• _Problem requirements_
Restate the data word for word and leave the images out.

^^^^^^^^^^^^^^^^

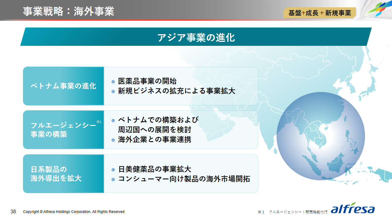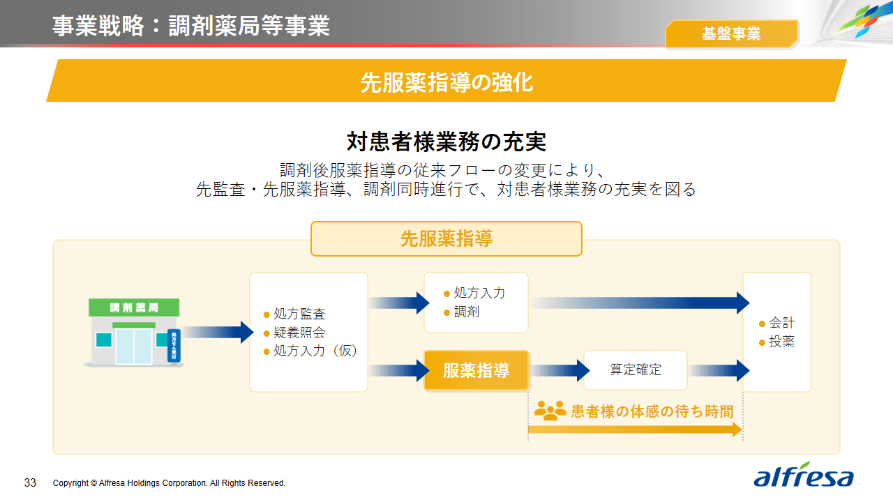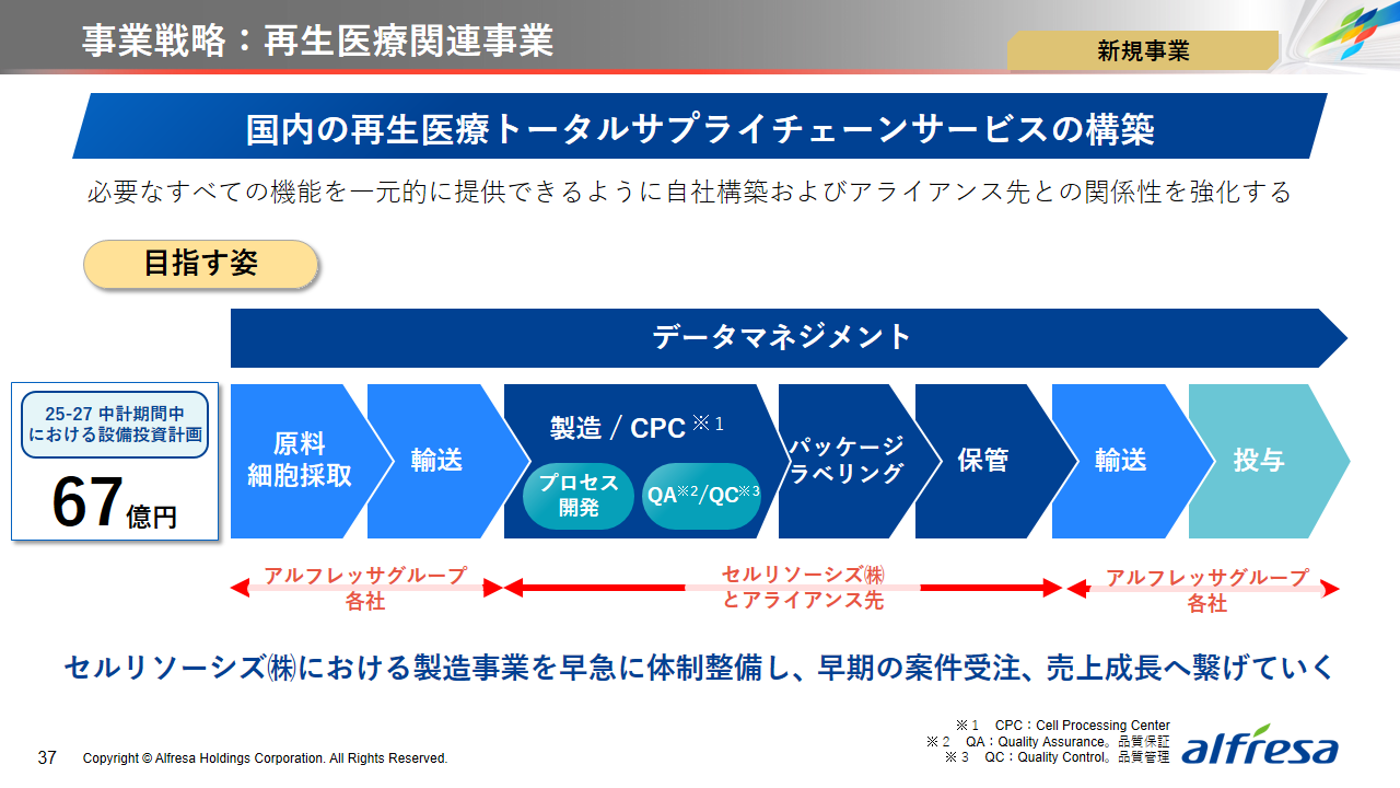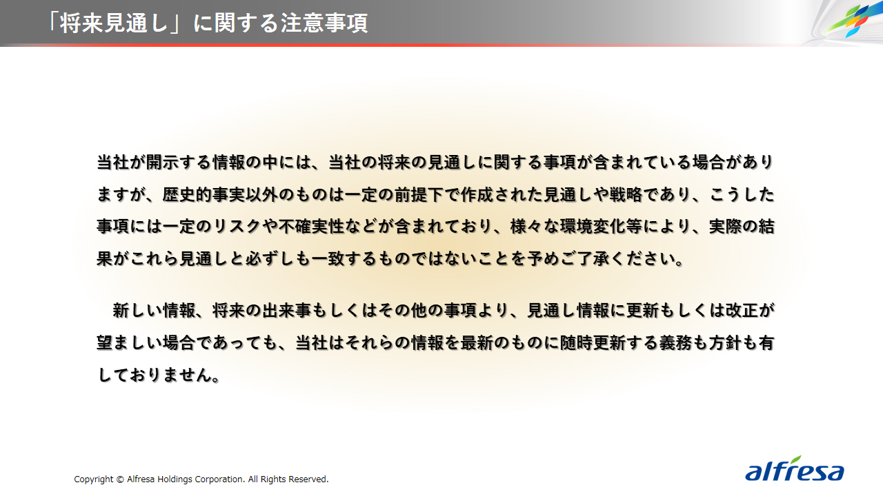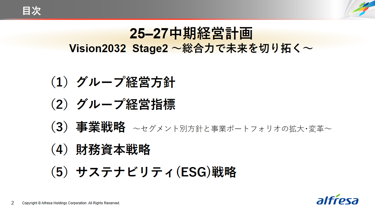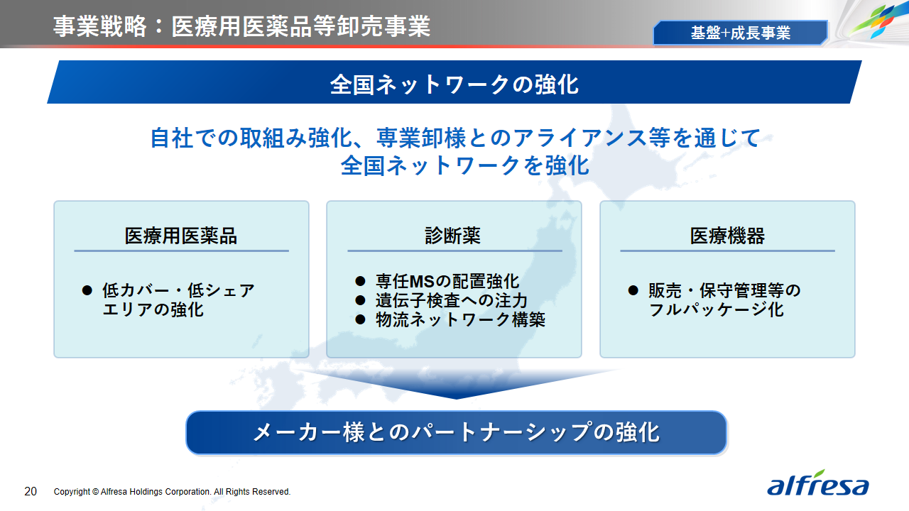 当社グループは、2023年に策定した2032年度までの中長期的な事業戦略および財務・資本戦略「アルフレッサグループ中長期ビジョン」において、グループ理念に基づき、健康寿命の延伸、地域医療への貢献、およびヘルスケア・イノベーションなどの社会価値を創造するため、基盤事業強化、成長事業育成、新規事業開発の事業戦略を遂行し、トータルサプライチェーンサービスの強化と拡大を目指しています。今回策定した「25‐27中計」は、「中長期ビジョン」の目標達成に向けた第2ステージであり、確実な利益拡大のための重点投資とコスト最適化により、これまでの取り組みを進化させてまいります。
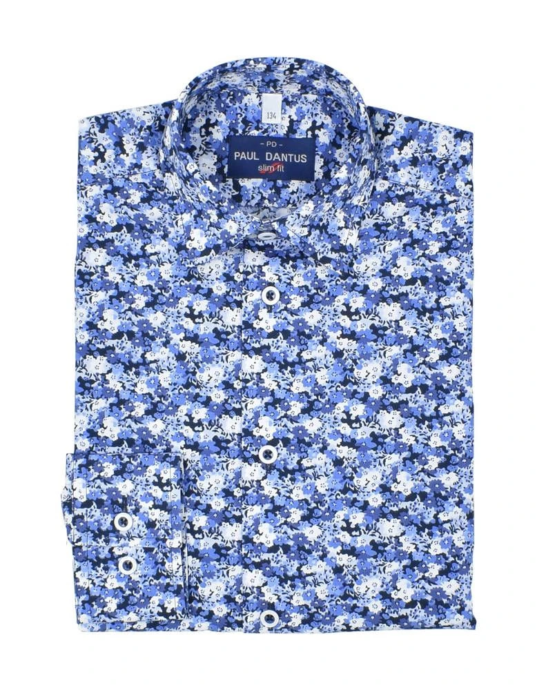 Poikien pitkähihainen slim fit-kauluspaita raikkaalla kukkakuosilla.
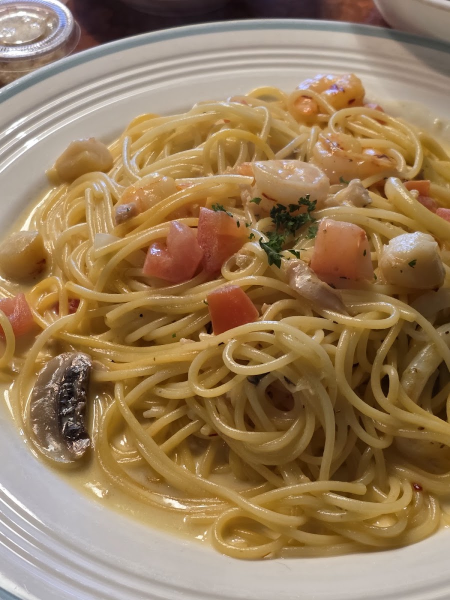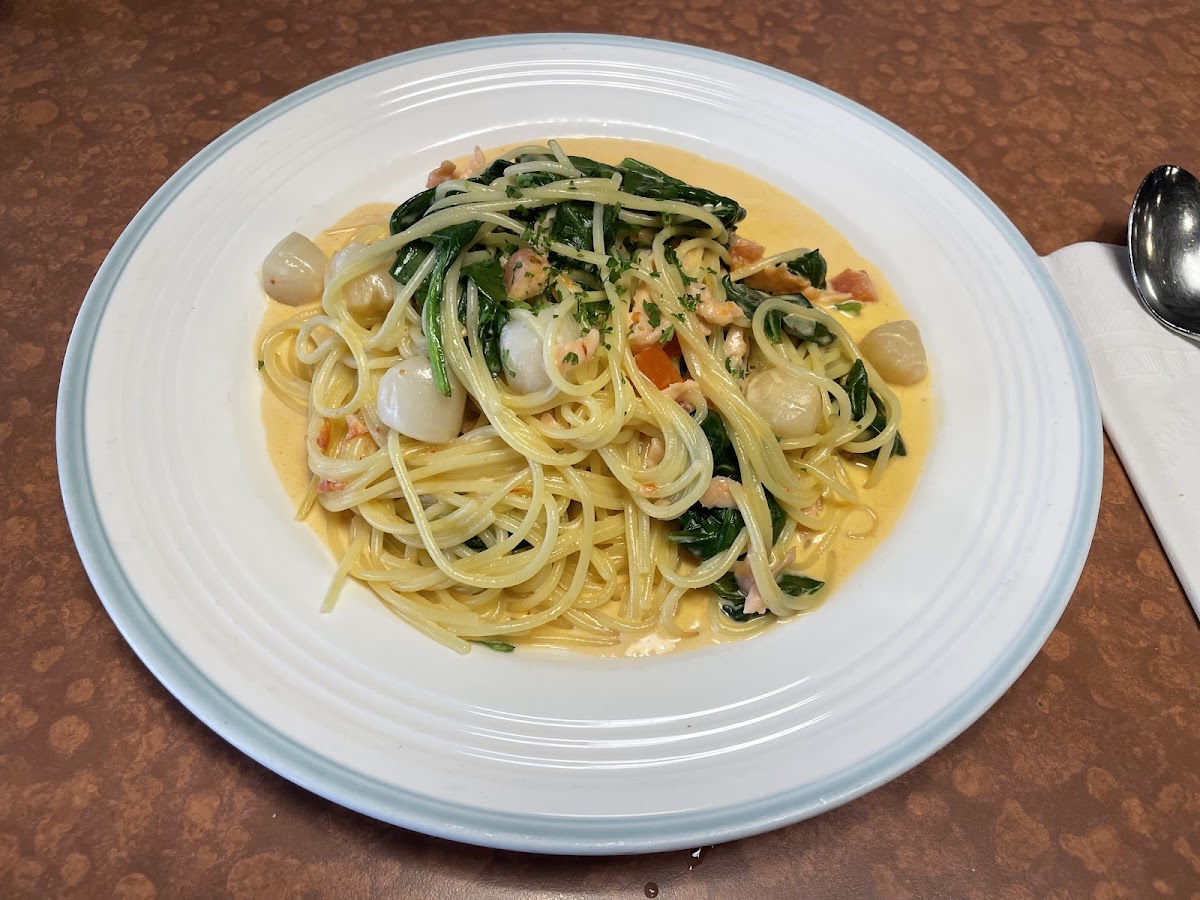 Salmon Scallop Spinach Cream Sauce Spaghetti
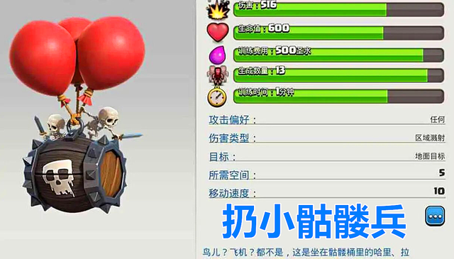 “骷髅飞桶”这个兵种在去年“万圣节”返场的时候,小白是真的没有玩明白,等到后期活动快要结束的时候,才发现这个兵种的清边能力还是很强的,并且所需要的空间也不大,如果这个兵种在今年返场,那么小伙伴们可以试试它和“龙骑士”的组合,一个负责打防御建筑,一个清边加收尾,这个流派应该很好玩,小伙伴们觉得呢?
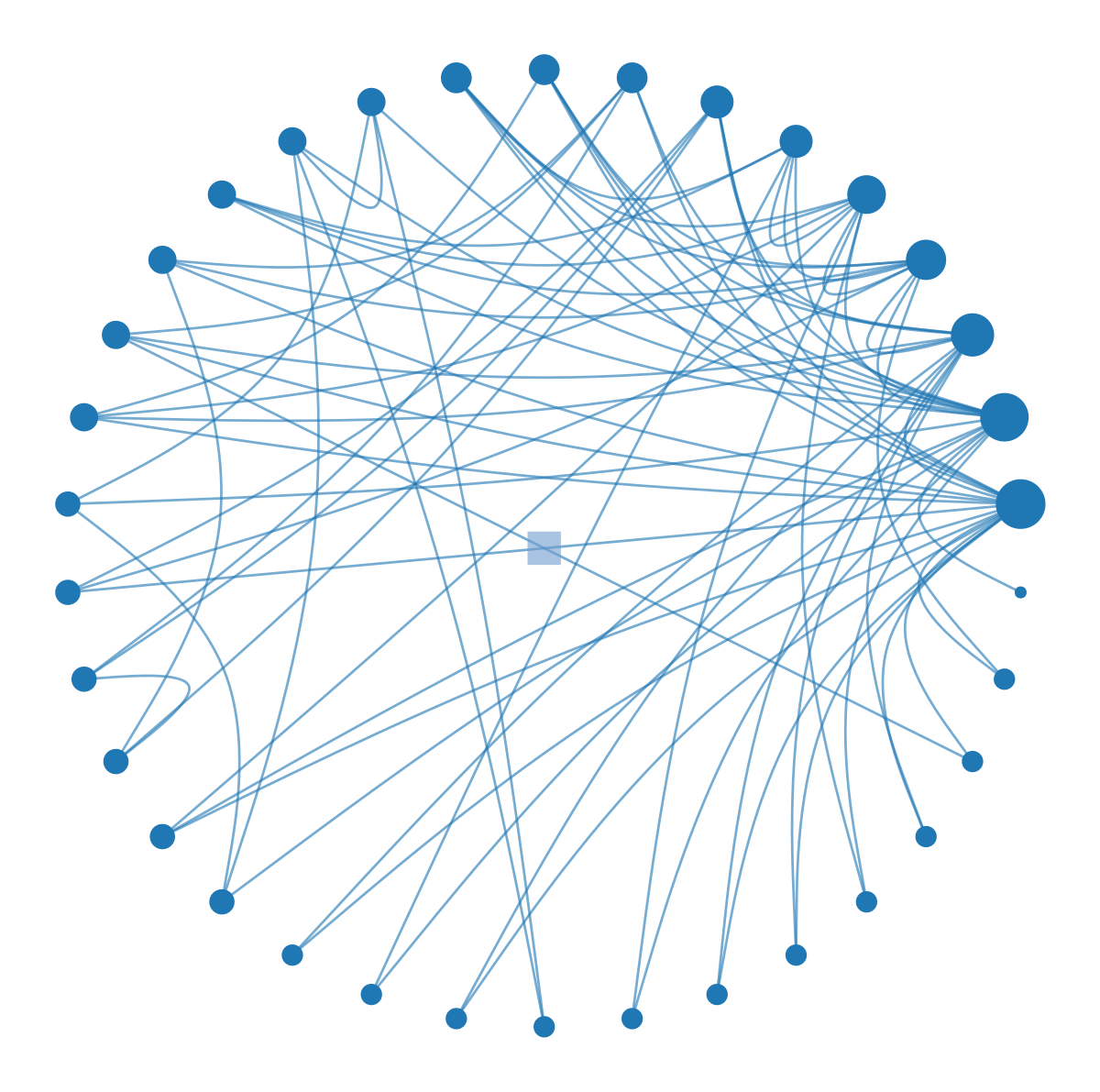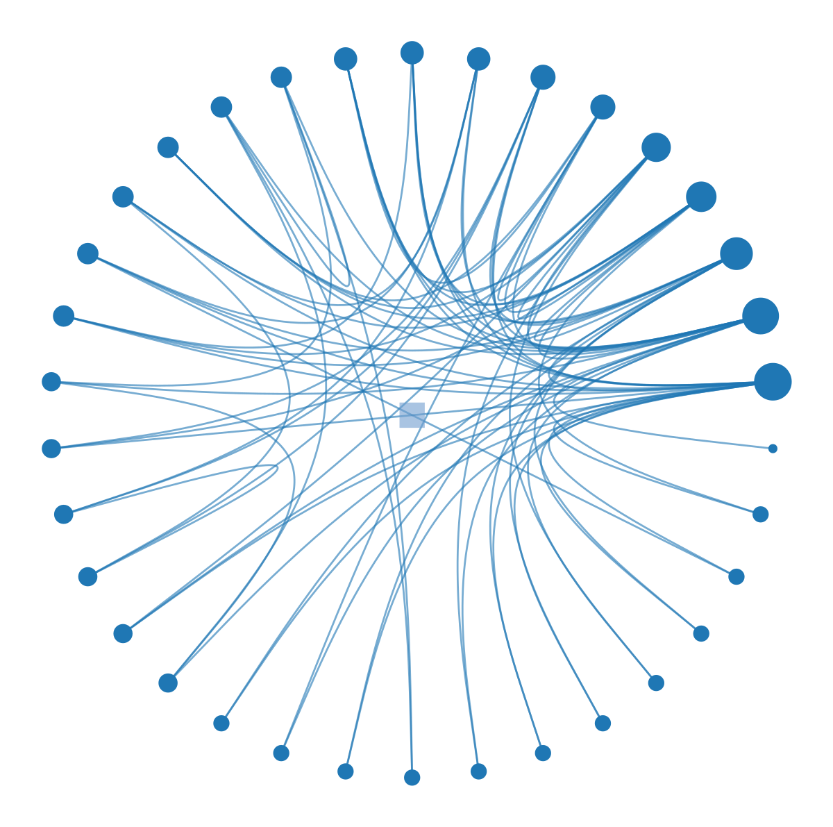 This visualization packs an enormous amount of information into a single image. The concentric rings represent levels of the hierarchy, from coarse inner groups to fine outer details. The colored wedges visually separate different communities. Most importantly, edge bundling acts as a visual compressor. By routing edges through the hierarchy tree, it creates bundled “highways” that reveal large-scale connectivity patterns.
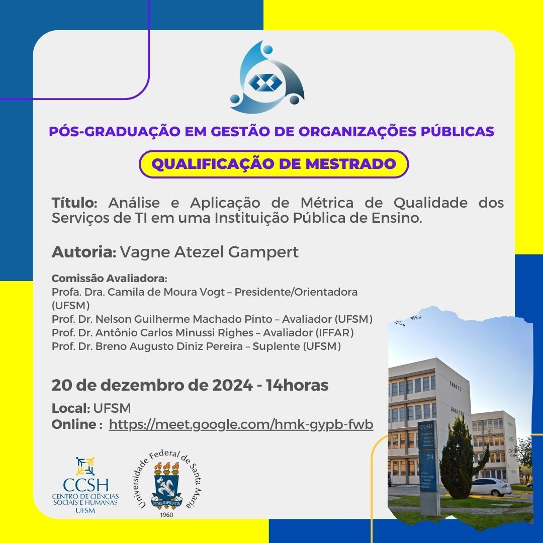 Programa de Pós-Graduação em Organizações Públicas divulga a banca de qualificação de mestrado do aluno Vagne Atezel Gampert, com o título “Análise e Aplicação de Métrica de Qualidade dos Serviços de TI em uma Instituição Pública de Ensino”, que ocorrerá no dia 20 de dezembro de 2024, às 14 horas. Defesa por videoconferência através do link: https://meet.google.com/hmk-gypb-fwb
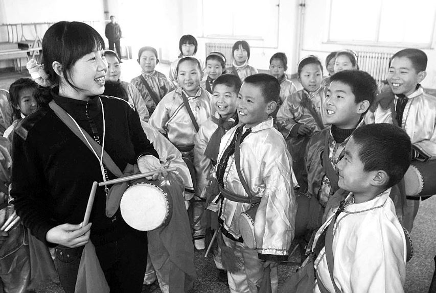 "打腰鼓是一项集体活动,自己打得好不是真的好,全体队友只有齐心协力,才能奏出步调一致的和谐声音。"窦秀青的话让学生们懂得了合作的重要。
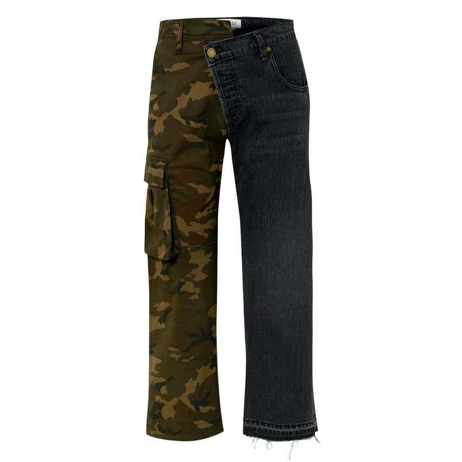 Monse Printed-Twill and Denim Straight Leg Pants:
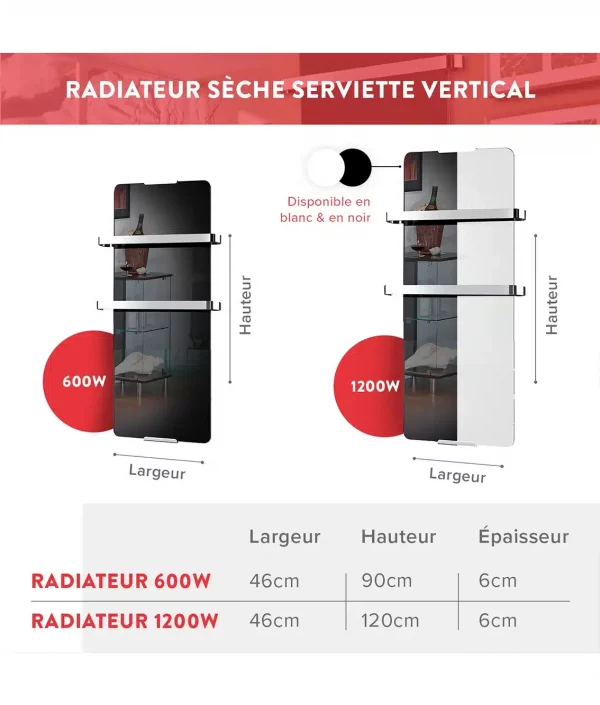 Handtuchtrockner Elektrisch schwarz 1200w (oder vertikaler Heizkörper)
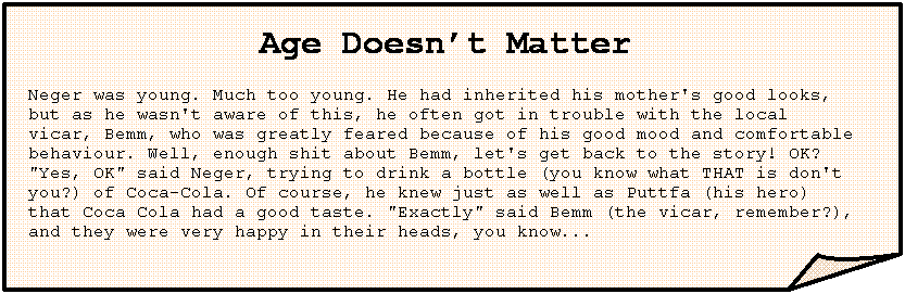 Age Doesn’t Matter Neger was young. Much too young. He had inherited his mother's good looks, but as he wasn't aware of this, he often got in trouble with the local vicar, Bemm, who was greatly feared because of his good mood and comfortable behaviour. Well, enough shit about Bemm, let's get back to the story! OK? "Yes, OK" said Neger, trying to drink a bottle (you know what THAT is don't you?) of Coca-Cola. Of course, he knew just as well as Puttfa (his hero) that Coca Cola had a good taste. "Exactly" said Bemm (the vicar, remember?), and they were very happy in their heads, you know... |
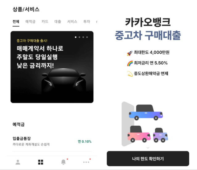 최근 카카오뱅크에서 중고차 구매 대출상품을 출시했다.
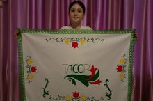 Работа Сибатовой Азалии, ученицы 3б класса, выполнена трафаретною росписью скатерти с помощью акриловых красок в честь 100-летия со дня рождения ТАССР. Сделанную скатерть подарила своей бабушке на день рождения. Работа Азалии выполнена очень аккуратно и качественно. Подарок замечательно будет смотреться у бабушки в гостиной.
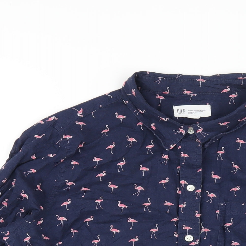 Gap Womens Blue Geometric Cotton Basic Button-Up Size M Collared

^^^^^^^^^^^^^^^^

• _Worked solution_
 当社グループは、2023年に策定した2032年度までの中長期的な事業戦略および財務・資本戦略「アルフレッサグループ中長期ビジョン」において、グループ理念に基づき、健康寿命の延伸、地域医療への貢献、およびヘルスケア・イノベーションなどの社会価値を創造するため、基盤事業強化、成長事業育成、新規事業開発の事業戦略を遂行し、トータルサプライチェーンサービスの強化と拡大を目指しています。今回策定した「25‐27中計」は、「中長期ビジョン」の目標達成に向けた第2ステージであり、確実な利益拡大のための重点投資とコスト最適化により、これまでの取り組みを進化させてまいります。
 Poikien pitkähihainen slim fit-kauluspaita raikkaalla kukkakuosilla.
 Salmon Scallop Spinach Cream Sauce Spaghetti
 “骷髅飞桶”这个兵种在去年“万圣节”返场的时候,小白是真的没有玩明白,等到后期活动快要结束的时候,才发现这个兵种的清边能力还是很强的,并且所需要的空间也不大,如果这个兵种在今年返场,那么小伙伴们可以试试它和“龙骑士”的组合,一个负责打防御建筑,一个清边加收尾,这个流派应该很好玩,小伙伴们觉得呢?
 This visualization packs an enormous amount of information into a single image. The concentric rings represent levels of the hierarchy, from coarse inner groups to fine outer details. The colored wedges visually separate different communities. Most importantly, edge bundling acts as a visual compressor. By routing edges through the hierarchy tree, it creates bundled “highways” that reveal large-scale connectivity patterns.
 Programa de Pós-Graduação em Organizações Públicas divulga a banca de qualificação de mestrado do aluno Vagne Atezel Gampert, com o título “Análise e Aplicação de Métrica de Qualidade dos Serviços de TI em uma Instituição Pública de Ensino”, que ocorrerá no dia 20 de dezembro de 2024, às 14 horas. Defesa por videoconferência através do link: https://meet.google.com/hmk-gypb-fwb
 "打腰鼓是一项集体活动,自己打得好不是真的好,全体队友只有齐心协力,才能奏出步调一致的和谐声音。"窦秀青的话让学生们懂得了合作的重要。
 Monse Printed-Twill and Denim Straight Leg Pants:
 Handtuchtrockner Elektrisch schwarz 1200w (oder vertikaler Heizkörper)
 Age Doesn’t Matter Neger was young. Much too young. He had inherited his mother's good looks, but as he wasn't aware of this, he often got in trouble with the local vicar, Bemm, who was greatly feared because of his good mood and comfortable behaviour. Well, enough shit about Bemm, let's get back to the story! OK? "Yes, OK" said Neger, trying to drink a bottle (you know what THAT is don't you?) of Coca-Cola. Of course, he knew just as well as Puttfa (his hero) that Coca Cola had a good taste. "Exactly" said Bemm (the vicar, remember?), and they were very happy in their heads, you know... |
 최근 카카오뱅크에서 중고차 구매 대출상품을 출시했다.
 Работа Сибатовой Азалии, ученицы 3б класса, выполнена трафаретною росписью скатерти с помощью акриловых красок в честь 100-летия со дня рождения ТАССР. Сделанную скатерть подарила своей бабушке на день рождения. Работа Азалии выполнена очень аккуратно и качественно. Подарок замечательно будет смотреться у бабушки в гостиной.
 Gap Womens Blue Geometric Cotton Basic Button-Up Size M Collared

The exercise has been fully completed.